_Exercise requirements_
Emit the data below verbatim, stripping out any pictures.

_Given information_
..............................
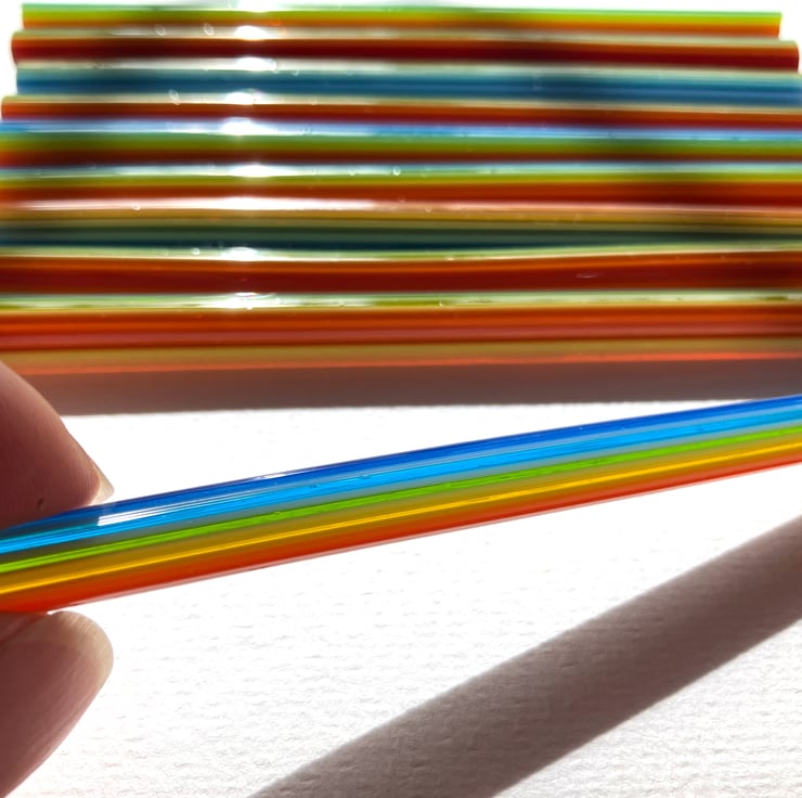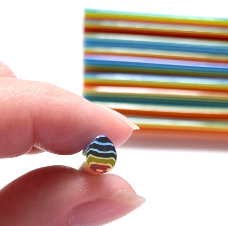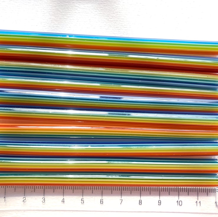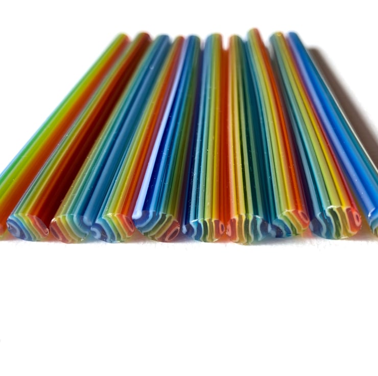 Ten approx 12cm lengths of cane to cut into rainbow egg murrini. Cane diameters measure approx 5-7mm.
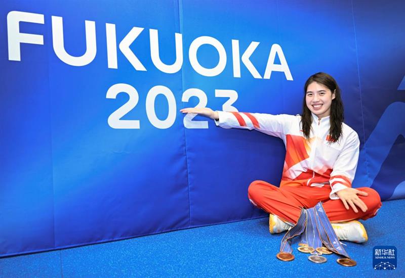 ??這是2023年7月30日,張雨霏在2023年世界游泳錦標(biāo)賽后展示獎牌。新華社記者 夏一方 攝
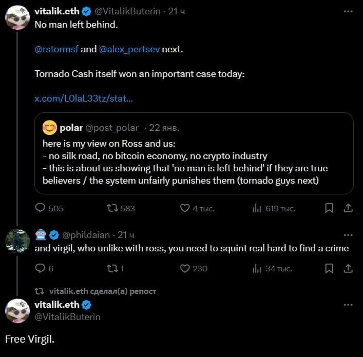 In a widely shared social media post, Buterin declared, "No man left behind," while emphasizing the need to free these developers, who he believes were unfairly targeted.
..............................
_Response to the task_
 Ten approx 12cm lengths of cane to cut into rainbow egg murrini. Cane diameters measure approx 5-7mm.
 ??這是2023年7月30日,張雨霏在2023年世界游泳錦標(biāo)賽后展示獎牌。新華社記者 夏一方 攝
 In a widely shared social media post, Buterin declared, "No man left behind," while emphasizing the need to free these developers, who he believes were unfairly targeted.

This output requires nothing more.